In the meantime, the mayor and at least five newcomers to the City Council still have to purchase fire trucks and squad cars, hand out liquor licenses, indulge NIMBYs, agree on who’ll serve on various commissions, and pass city budgets.

This week, individuals started lining up to accept these tasks. At press time on Wednesday, about one dozen candidates had submitted petitions to campaign for seats on the City Council, as well as for the offices of city clerk and treasurer.

Mayor Tim Davlin’s announcement last weekend that he would seek a second term as Springfield’s mayor didn’t exactly send shockwaves through the community, nor have there been many real surprises during this week-long filing period.

Longtime speculation that Ward 10 Ald. Bruce Strom, who is facing term limits, might challenge Davlin in the mayor’s race were confirmed as the Republican began circulating his petitions for mayor earlier in the week. Ward 1 Ald. Frank Edwards also reaffirmed this week that he will not run for mayor but seek to hold on to his Council seat.

Which candidate citizens credit (or punish, depending on the citizen) for making Springfield’s controversial smoking a reality — Strom for forcing the issue or Davlin for ultimately drafting the ordinance that passed — remains to be seen.

Davlin counts creating Springfield Green and that organization’s efforts to beautify the city, balancing the budget, improving Springfield’s bond rating, and streamlining city hall among the accomplishments of his administration’s first term. He also touts the ground-breaking on City Water, Light & Power’s power plant and setting up a homeland security office.

“It’s fun to go to ribbon-cuttings and groundbreaking ceremonies, and it’s boring to talk about surfacing of roads, but I think we owe the taxpayers the dollars right now,” Edwards says.

He adds that funding for a new fire house on the city’s southwest side, street overlays, and addressing trash collection should be top priorities.

If there are any clouds hanging over Davlin, as far as voters are concerned, it’s the problems with the Springfield Police Department, which include the racial discrimination lawsuit filed in August 2004 against the city by African-American officers, scheduled to go to trial in January.

Outgoing Ward 2 Ald. Frank McNeil says that the police department will be among the most important issues facing the next mayor and City Council.

“We have to get some integrity and confidence back in the police department.
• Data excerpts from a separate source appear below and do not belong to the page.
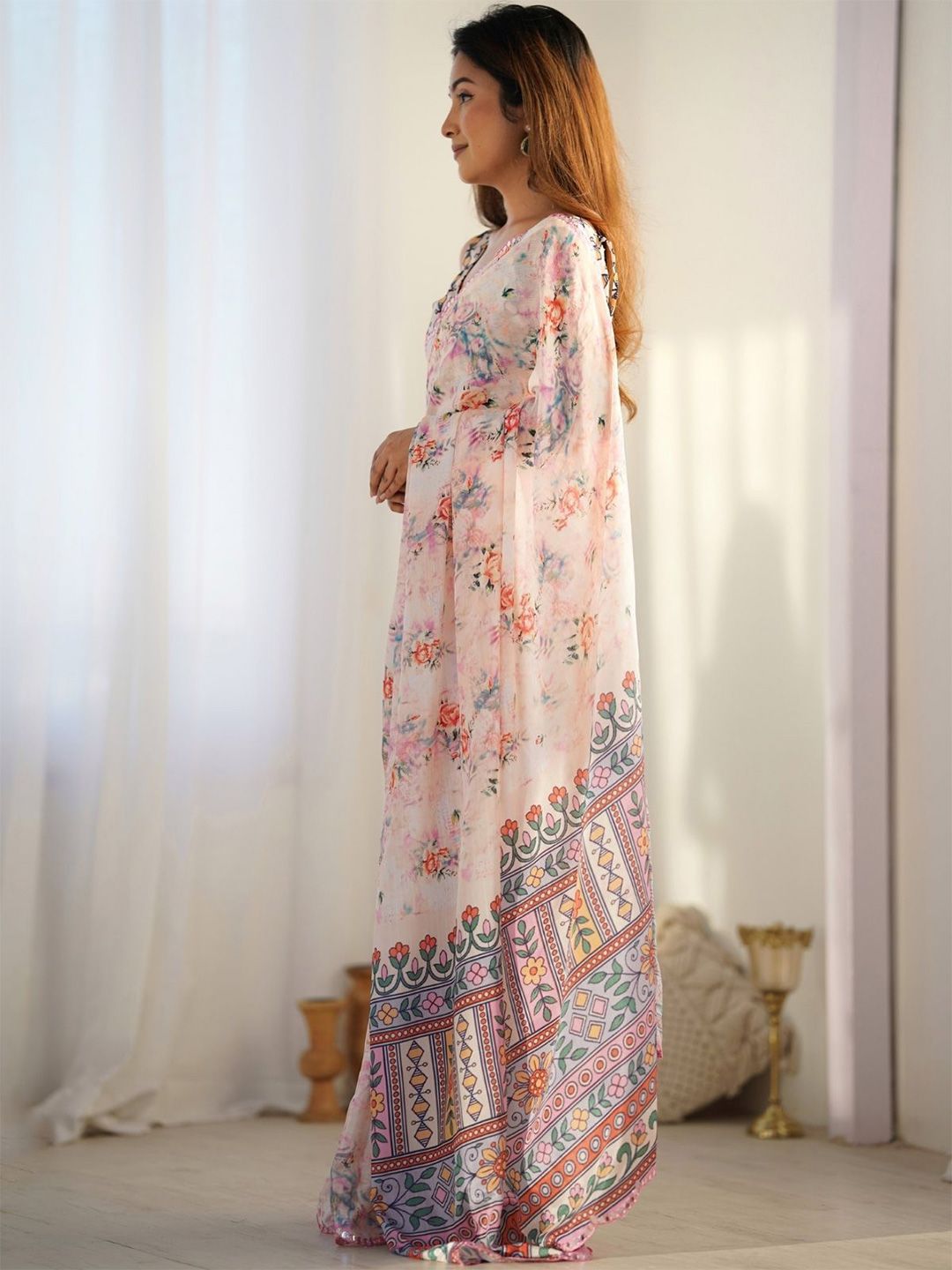 ODETTE Women Off White Chinon Printed Saree With Unstitched Blouse
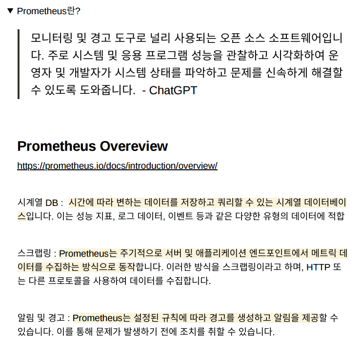 Prometheus와 Grafana가 어떤 역할을 하며, 해당 툴을 통해서 서버의 상태 정보를 어떻게 체크할 수 있는지 확인해보겠습니다. 아래 PDF파일에는 설치, 연동, 커스텀 하는 방법을 올려두었습니다. 필요하시면 다운 받아서 설정하시면 됩니다.
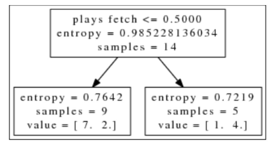 我们随机选择是否喜欢玩球? 这个解释变量来生成后面的节点,左节点包含一条狗, 右节点包含两只猫和一条狗。其他两个解释变量,最喜欢的食物 =狗粮和最喜欢的食物 =培根产生同样的结果, 左节点包含一条狗,右节点包含两只猫。然后, 我们随机选择最喜欢的食物 =狗粮进行测试,最终胜出决策树如下图所示:
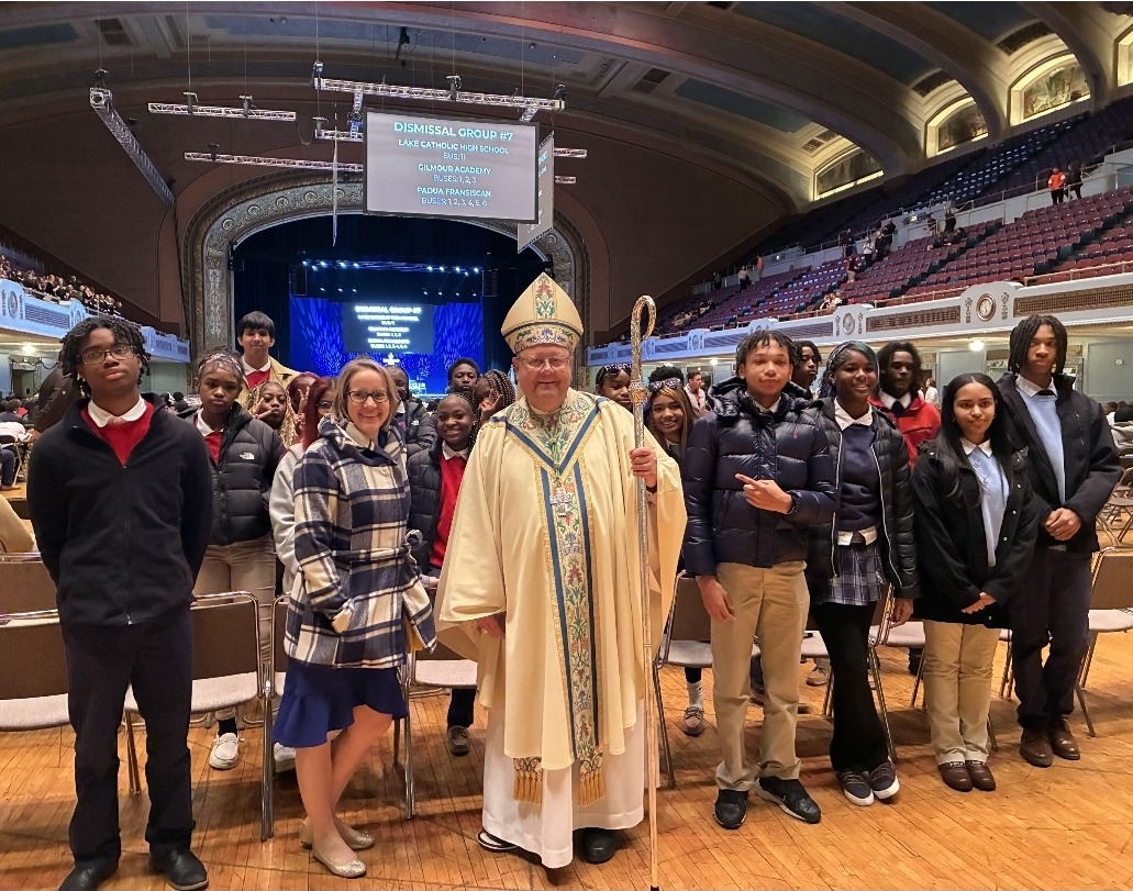 VASJ’s entire student body joined nearly 5,000 people at the event. Students, faculty and staff traveled downtown on 10 buses to worship with students from all 20 Catholic high schools in the Diocese of Cleveland. Students listened to a witness of faith by one of their peers and heard from speaker and writer Meg Hunter-Kilmer of Notre Dame Campus Ministry. Bishop Ed Malesic celebrated Mass along with many Diocesan priests, deacons and seminarians.
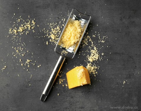 Ruční jemné struhadlo GOURMET z lesklé nerezové oceli, délka 23 cm, ideální na strouhání parmezánu, čokolády, tvrdého pečiva a dalších surovin.
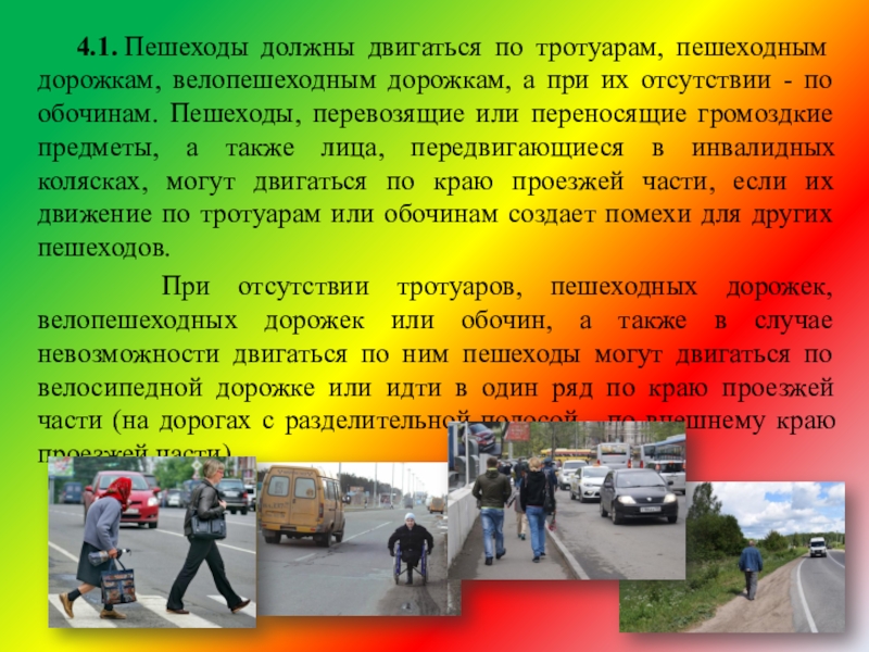 Слайд 29 4.1. Пешеходы должны двигаться по тротуарам, пешеходным дорожкам, велопешеходным

There’s a real missing link as far as how the public feels about the police department,” McNeil says.

Although he has considered a mayoral run, McNeil says he won’t jump into fray, but will serve as a resource to the east side’s next representative, for whom ensuring public safety, economic development, increasing home ownership, and general clean-up will be key issues.

Other possible negatives critics of Davlin may cite include making permanent a half-percent sales tax increase in February, brokering a deal in secret with the Sierra Club to commit CWLP to purchase wind energy, and failing to enact a citywide trash collection plan.

Should he win reelection, Davlin says he’s looking forward to the day the new CWLP plant goes online sometime in late 2009 or early 2010, luring jobs to town, and making Springfield the “best city to call home.”

But money, or the city’s short supply of it, has, and always will be, at the center of council debates, particularly when it comes to public works.

And Davlin, who has had to fight to pass his last few “hold the line” budgets — even though his party holds the majority — on the non-partisan board, says he won’t rule out future tax hikes.

The next council will also have to figure out how to accomplish major infrastructure improvement projects, such as the $12 million Capitol Avenue facelift, which the city hopes to complete in time for Abraham Lincoln’s 200th birthday party in 2009, and the extension of MacArthur Boulevard, along with economic development initiatives such as revitalizing South Town, while somehow coming up with money to fix more neighborhood sidewalks and city streets.

Anyone who’s up to the challenge has until Monday, Dec. 18 to submit petitions for city office. The general election will be held on Monday, April 17.